Это была катастрофа. Теряя всякое достоинство и уважение к себе, я взвыл, скатился на пол и пополз к двери, чтобы поймать глоток свежего воздуха.

А  дядя Леша долго еще охаживал себя веником, кидал воду на каменку, снова истязался на полке, пока, наконец, не вывалился, красный, как рак, в предбанник.

— В бане веник командир, всех побил и царю не спустил… — сказал он бодро, поправляя фитиль в керосиновом фонаре.

Вихреву было уже за пятьдесят, но вся стать в нем была молодецкой, широкие плечи, мускулистые руки, пресс, как будто он качался каждый день. А вот спина, ноги его были покрыты рваными, давно зарубцевавшимися ранами…

— Что это? — спросил я его несмело.

— Немцы оставили память, — отвечал он нехотя. — Собаками травили…

— Как так? — удивился я.

— Как-нибудь расскажу, не люблю я ворошить прошлое, — сказал он и замер на лавке, опустив плечи…

— Так нельзя, — возразил я. — Нельзя забывать прошлое, хотя бы затем, чтобы оно не вернулось, — сказал я дежурные в этих случаях фразы, но Вихрев воспринял их, как откровение.

— Ладно, пойдем в дом, выпьем после бани пуншику и расскажу… Никому не рассказывал, а тебе расскажу.

5.

…Дрова скоро прогорели. Какое-то время угли еще освещали призрачным мерцающим светом угол бани, но скоро и они подернулись пеплом.

Я потрогал камни. Они были холодны, но я знал, что спустя время они прогреются и отдадут в банное нутро свое тепло, что я смогу дождаться здесь утра. Можно было, не опасаясь угара, закрывать двери.

Я выглянул из предбанника на волю. Моих преследователей уже не было. Но вой их доносился до моего слуха уже со стороны Почаевки. Они могли вернуться в любой момент. Волки не привыкли оставлять добычу и будут преследовать и добирать ее до конца.
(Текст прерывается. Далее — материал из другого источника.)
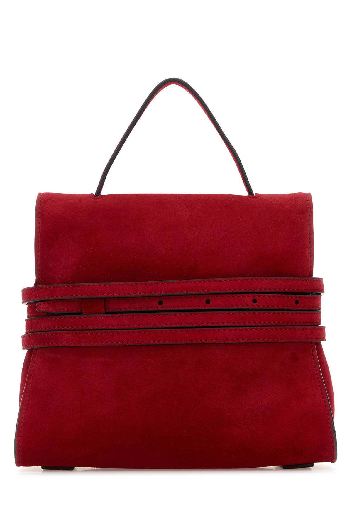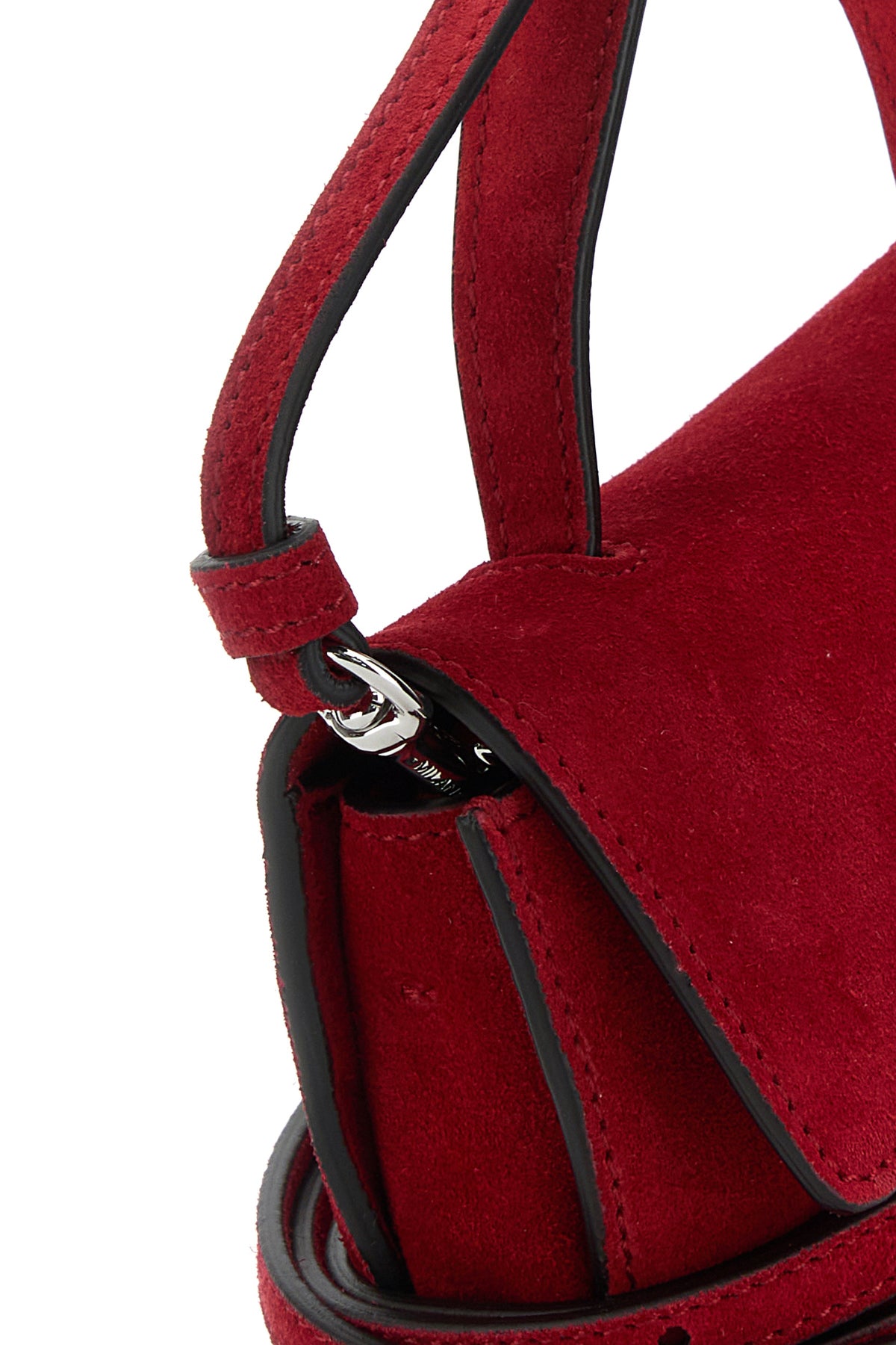 Handbag realized in suede characterized by embossed logo on the flap enriched by decorative tonal leather belt.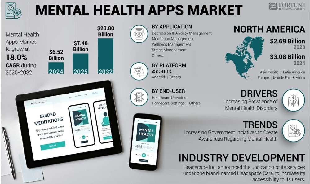 Fortune Business Insightsによると 、 メンタルヘルスアプリ市場は2024年に65.2億米ドル と評価され 、 2025年の74.8億米ドルから2032年に は 238億米ドルに成長し、 予測期間中に 年平均成長率(CAGR)18.0%で成長すると予測されています。北米はメンタルヘルスアプリ市場で最大のシェアを占め、 2024年には47.24%を占めました。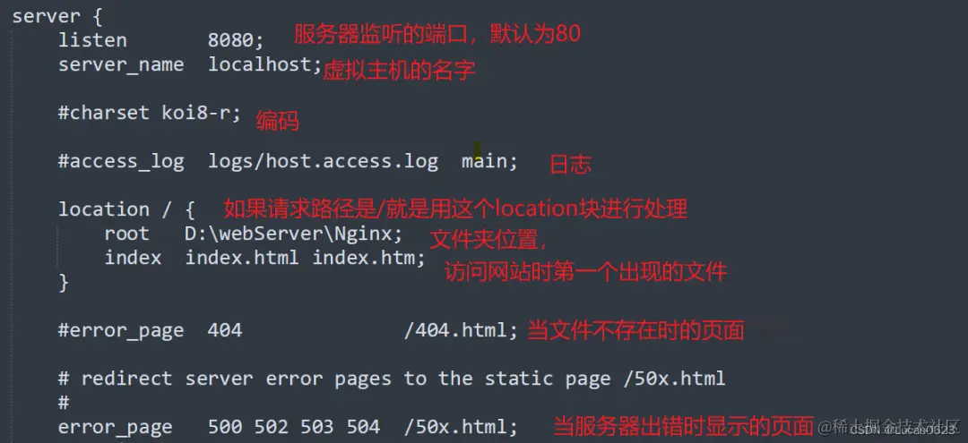 进入 conf 文件夹,打开 nginx.conf 文件进行编辑,里面的配置很多,我对其中一些重要的配置进行了说明(前面有#的表示并没有真正写入配置,若要加入,只需去掉#)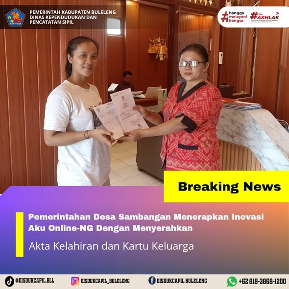 Pemerintah Kabupaten Buleleng melalui Dinas Kependudukan dan Pecatatan Sipil (Disdukcapil) Kabupaten Buleleng memaksimalkan serta mempermudah pelayanan kependudukan masyarakat dengan beberapa inovasi, melalui aplikasi AKU Online-NG. Dimana dalam penerapan aplikasi Aku Online-NG tersebut masyarakat tidak perlu lagi datang ke Dinas Dukcapil untuk melakukan pelayanan langsung cukup dengan datang ke Desa nanti akan dibantu oleh operator Desa masing-masing. Di Desa Sambangan Kecamatan Sukasada, telah diserahkan dokumen kependudukan berupa Akta Kelahiran atas nama I Kadek Kevin Dwipanaya dan Kartu Keluarga atas nama I Komang Sutrisna diserahkan oleh Kasi Pemerintahan Desa Sambangan bertempat di Kantor Perbekel Desa Sambangan, Kecamatan Sukasada, Kabupaten Buleleng, Selasa (30/12).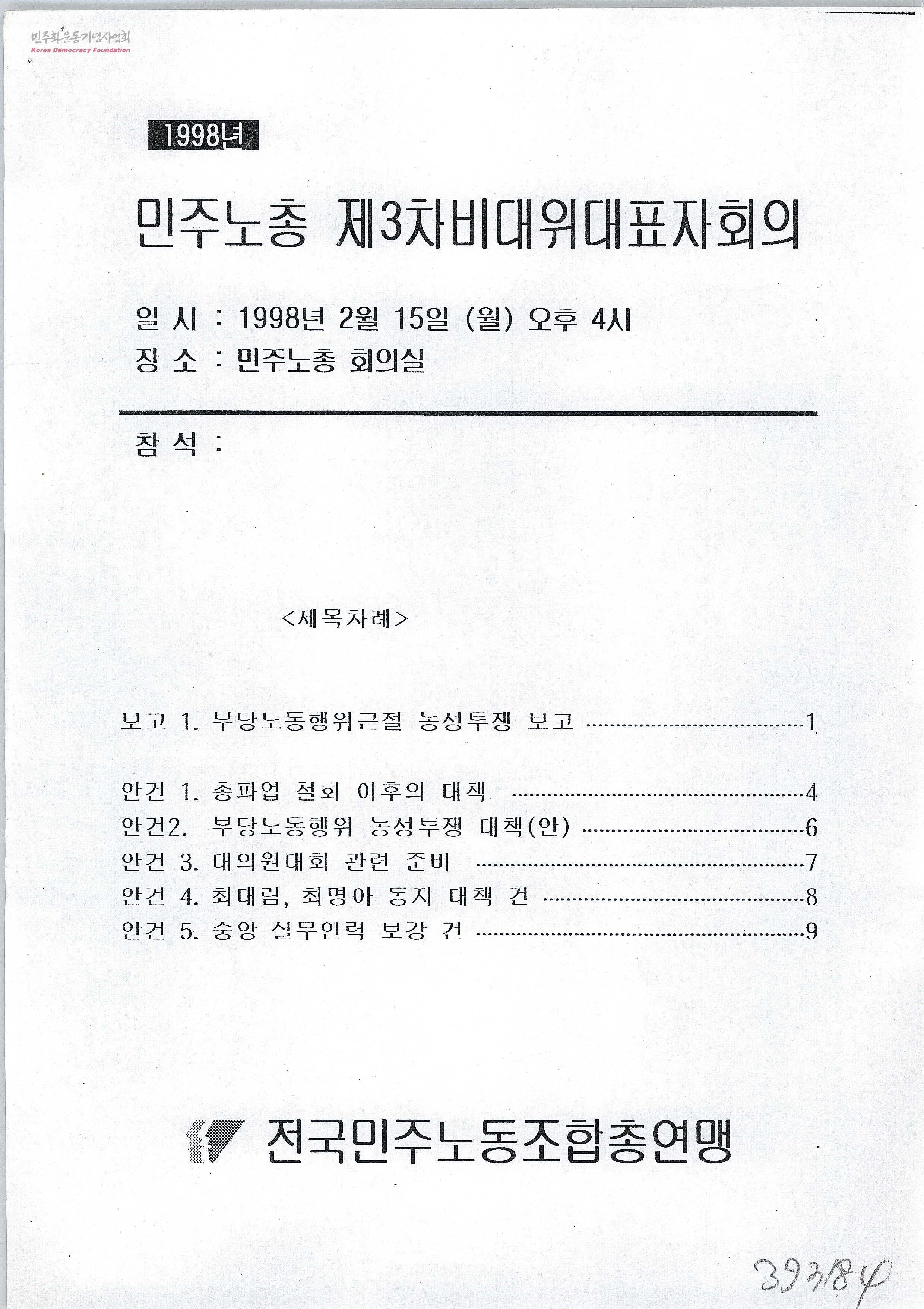 - 1)보고1:부당행위근절 농성투쟁 보고 2)안건1:총파업 철회 이후의 대책 3)안건2:부당노동행위 농성투쟁 대책(안) 4)안건3:최대림,최명아 동지 대책 건 5)안건4:중앙 실무인력 보강 건 6)안건5:대의원대회 관련 준비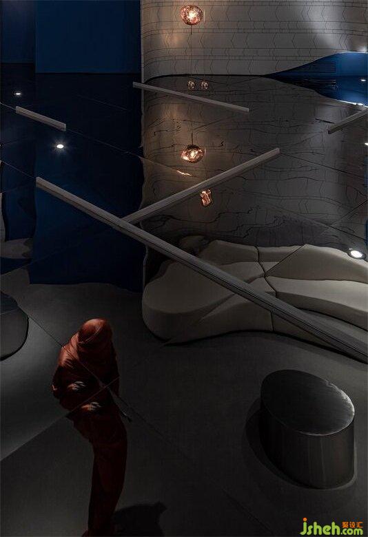 The whole space is covered bylight gray carpets,stepping into which, it is like walking on the beach. The huge glass sliding door is the last barrier to sea level. When you enter through the door, you are already in the deep sea.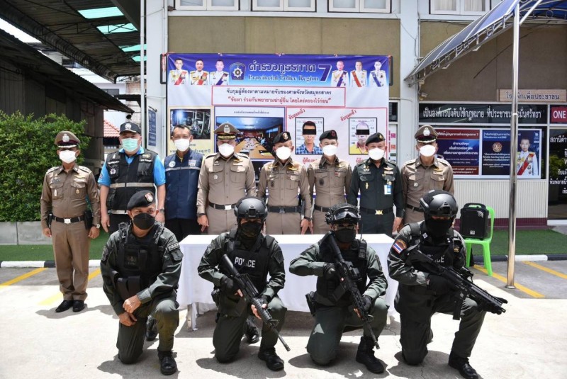 สมุทรสาคร : วันนี้(22 ส.ค. 65) พล.ต.ท.ธนายุตม์ วุฒิจรัสธำรงค์ ผบช.ภ.7 พร้อมด้วย พล.ต.ต.บุญญฤทธิ์ รอดมา รอง ผบช.ภ.7 พล.ต.ต.อภิชาติ วรรณภักดิ์ ผบก.ภ.จว.สมุทรสาคร พร้อมเจ้าหน้าที่ที่เกี่ยวข้อง ร่วมกันแถลงข่าวจับกุมตัวผู้ต้องหาตามหมายจับ ก่อคดีอุกฉกรรจ์สะเทือนขวัญ จำนวน 2 ราย ได้แก่
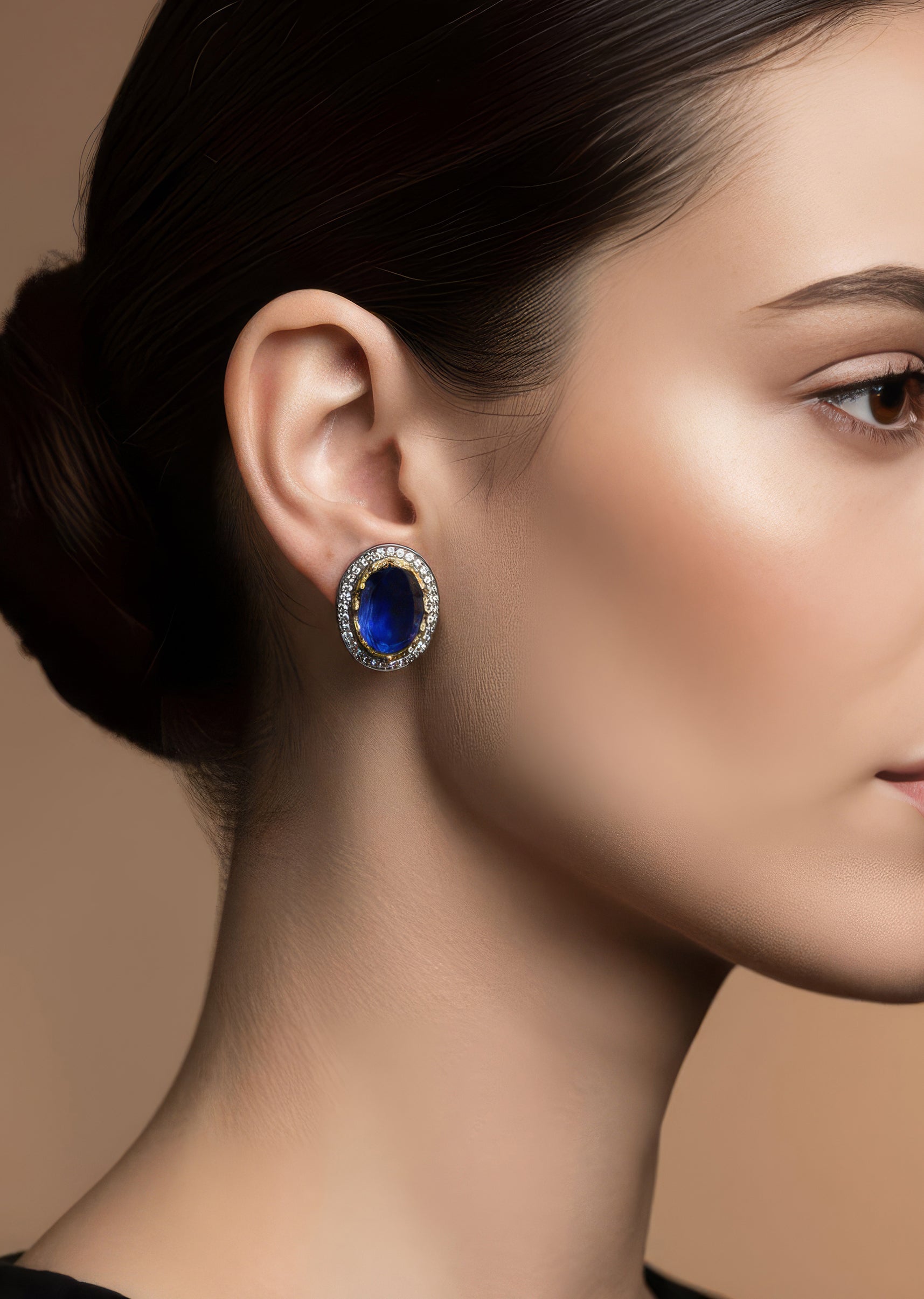A striking pair of earrings crafted with deep blue and black stones framed by refined diamond inspired detailing. The bold colour pairing and intricate surround work create a sophisticated statement perfect for festive evenings, cocktail functions, and wedding celebrations. Awarded as the Most Trusted Brand, we're delivering styles you love, just as promised.

Но мне они были уже не страшны. Настанет утро и будет ясно, что делать дальше. Я смел старым веником с полка сажу, забрался на него и растянулся, сунув под голову тощий рюкзак. Волнения и страхи отступили, напряжение ушло, голова моя закружилась, и я провалился в тягучий омутный сон. Время от времени я просыпался, и затуманенный взгляд мой находил в банном окошке волчьи морды. Они выглядывали меня в сумраке бани…

Но я снова проваливался в сон…

Я проснулся, когда было светло, а в банное окно проникали лучи низкого солнца. И тотчас в груди моей закипело радостью и восторгом, как будто не было ночных кошмаров, как будто бы моя жизнь не висела на волоске…

Я вылез из бани, все еще сохранившей остатки тепла, умылся снегом, потянулся, счастливый, оглядывая мир, залитый солнцем… Я подумал, что волки, оставшись без ужина, отлеживались, должно быть, сейчас в своем логове где-нибудь в лесной глуши.

Можно было смело вернуться в свою большую деревню на теплую печь к тетушке Поле. Но таинственное исчезновение жителей Степанова удерживало меня.

Еще прошлой весной дядя Леша наказывал мне:

— Приходи к нам или приезжай лодкой, в любое время мы тут… Поговорим.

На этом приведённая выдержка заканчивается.